Stress test a personal metaphor
A good way to stress test your understanding is to develop an ongoing metaphor for whatever topic you’re trying to learn. For me, I developed a metaphor using travel and spending time in a new city. Markov Chains deal with “states” and distributions of these states, so it made sense to me.
But in learning the Metropolis algorithm, I regularly needed to tune the metaphor to fit it better. The target distribution became “how a local spends all of their time”, something no one would know about if you asked them. But Metropolis compares the current state to the possible next, which lends itself well to comparing preferences.
It won’t be perfect, but that continual challenge is good for forcing you to try to encode that knowledge. I couldn’t figure out a great way to explain that complicated acceptance probability that appears in the Metropolis algorithm.
I debated including the algorithm in the video or not, but in the end, I opted to keep it. It helped me understand the algorithm better. It might piss some people off who don’t get it or hate the obfuscation of technical details, but if it helped you, there’s a good chance it can help someone.
Be comfortable with shotgun learning
In undergraduate classes, and even graduate classes to some extent, a professor largely dictates what you learn.
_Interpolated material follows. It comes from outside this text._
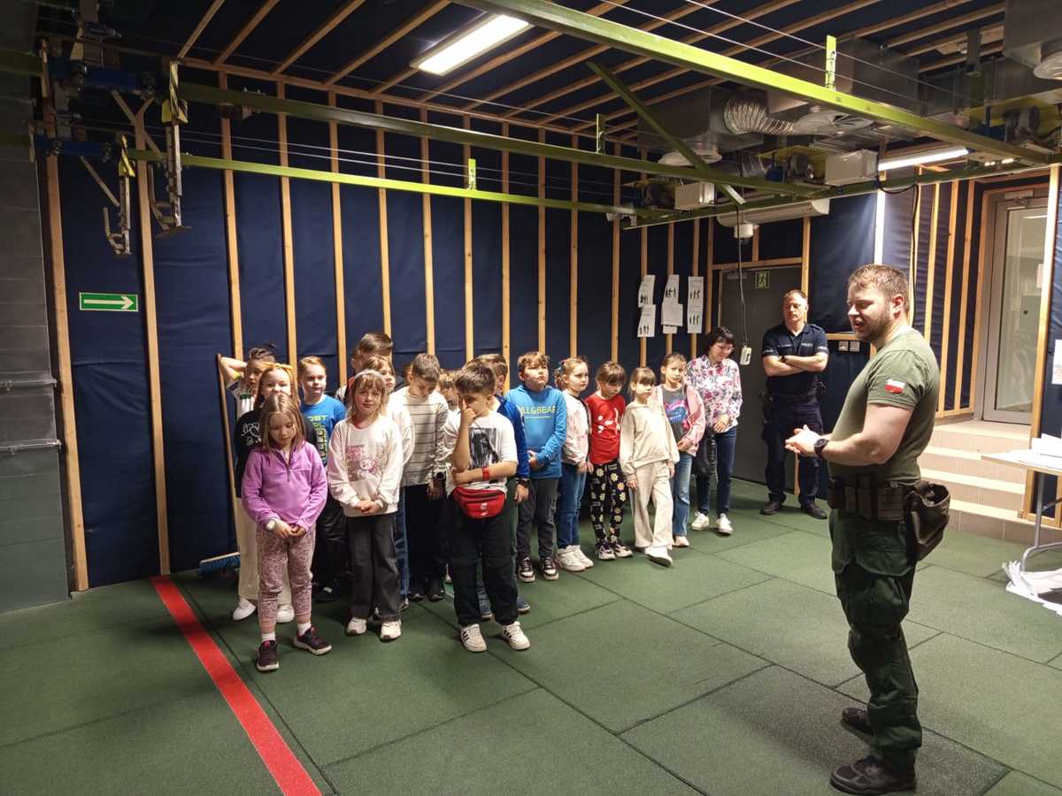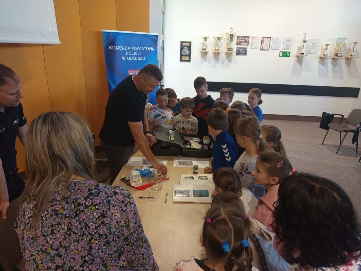 Dzieci wizytę rozpoczęły od pokazu sprzętu i wyposażenia jakie wykorzystują w codziennej służbie dzielnicowi. Mundurowi opowiadali o swoim doświadczeniu i codziennych zadaniach. Następnie technik kryminalistyki zaprezentował walizkę daktyloskopijną. Zainteresowani mieli możliwość sprawdzić praktyczne zastosowanie środków służących zabezpieczaniu linii papilarnych. Drugoklasistów zapoznano również z różnego rodzaju śladami. Podczas wycieczki dzieci zwiedziały strzelnicę, na której policjanci podnoszą umiejętności strzeleckie, a o specyfice przeprowadzanych ćwiczeń strzeleckich w Komendzie Powiatowej Policji w Olkuszu opowiadał instruktor wyszkolenia strzeleckiego. Na koniec chętni mogli usiąść za kierownicą policyjnego radiowozu. Wizyta w jednostce sprawiła uczniom wiele radości. Nie odbyło się bez pytań, co świadczyło o zainteresowaniu uczniów.

Most of the relevant information and exercises are included.
But this nice framing is mostly absent in Ph.D learning. A textbook or review article can get you far, but they will only go so far as their publish date. From there, you’ll face a scattershot set of research articles, programming tutorials and nice blog posts when you’re learning. There’s no guiding principle in all these different sources, other than the fact that they all have the same topic.
This is very uncomfortable at first. It’s very easy to bemoan that “no one taught me that we needed this”, but when it comes to research or personal projects, you have to learn it. You’re going to develop a Frankenstein-like collection of knowledge, and it’s going to feel disconnected.
But no one can ever predict what your current progress is in learning a topic, so it
The solution to this is to develop a keen sense of when you don’t understand something. It’s that feeling when you’re reading technical notation or complicated prose and you feel your eyes glaze over until you see something you do understand.
Once you start feeling this, you can start asking yourself why it doesn’t make sense. You want to get at the root cause of your confusion as fast as possible so that you can write a better Google query.
With a bunch of disparate sources, you can try to figure out where they refer to the same idea, so you can compare and contrast them. Similar notation can help with this.
Morale of the story
Learning is done in making the connections between all the relevant concepts that make up a topic. The things I’ve listed are different tactics for speeding up the development of these connections. They helped me make the Metropolis video, and I hope they’ll help you with whatever you’re learning.
Thanks for reading, see you when the next video comes out.